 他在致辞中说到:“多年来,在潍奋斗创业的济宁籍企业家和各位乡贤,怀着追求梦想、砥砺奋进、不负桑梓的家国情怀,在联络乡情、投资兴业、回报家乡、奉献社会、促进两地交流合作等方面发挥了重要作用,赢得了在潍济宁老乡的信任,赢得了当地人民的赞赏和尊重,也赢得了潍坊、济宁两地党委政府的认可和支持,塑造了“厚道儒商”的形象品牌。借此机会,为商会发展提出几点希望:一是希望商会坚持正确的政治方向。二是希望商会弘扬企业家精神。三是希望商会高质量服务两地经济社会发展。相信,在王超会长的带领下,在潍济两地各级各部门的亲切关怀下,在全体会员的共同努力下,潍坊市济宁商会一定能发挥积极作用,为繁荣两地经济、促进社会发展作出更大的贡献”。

################

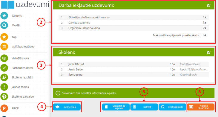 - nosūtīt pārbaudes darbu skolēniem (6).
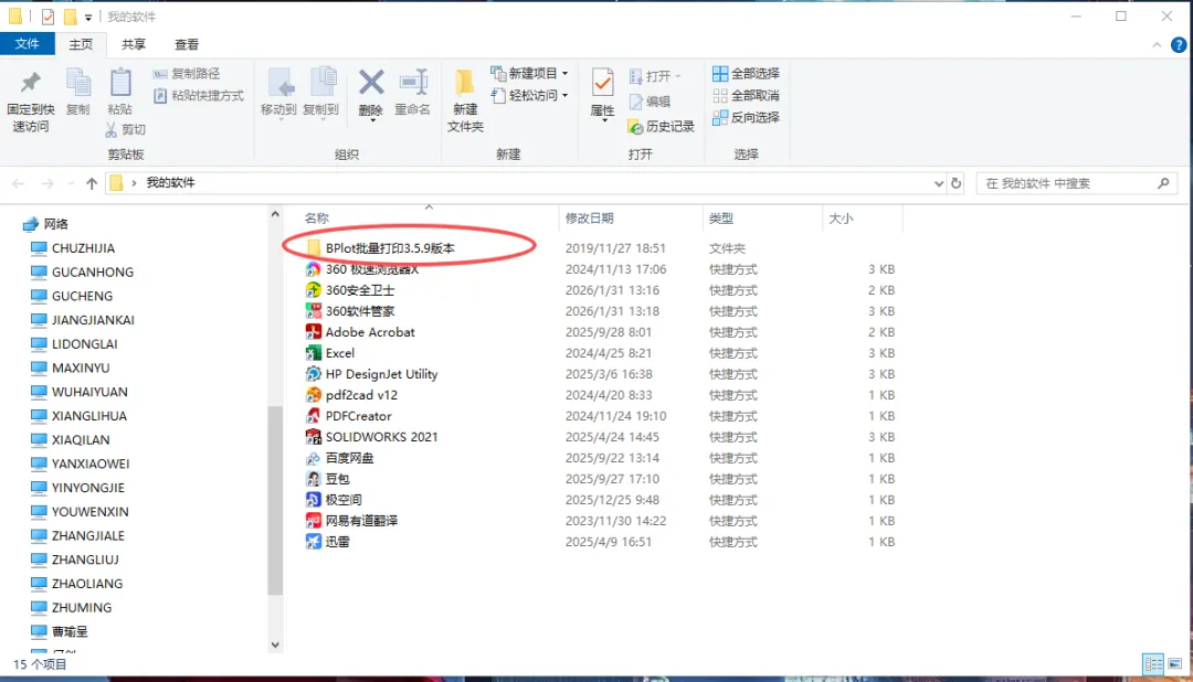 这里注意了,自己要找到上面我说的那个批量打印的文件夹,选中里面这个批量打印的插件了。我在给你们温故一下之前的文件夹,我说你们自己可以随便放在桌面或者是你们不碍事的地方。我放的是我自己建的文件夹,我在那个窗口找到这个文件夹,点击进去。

################

Exercise requirements>
The answer is those lines of the material above that run from the one containing "- nosūtīt pārbaudes darbu skolēniem (6)." up to and including the one containing "这里注意了,自己要找到上面我", restated exactly and without images.

Your response>
 - nosūtīt pārbaudes darbu skolēniem (6).
 这里注意了,自己要找到上面我说的那个批量打印的文件夹,选中里面这个批量打印的插件了。我在给你们温故一下之前的文件夹,我说你们自己可以随便放在桌面或者是你们不碍事的地方。我放的是我自己建的文件夹,我在那个窗口找到这个文件夹,点击进去。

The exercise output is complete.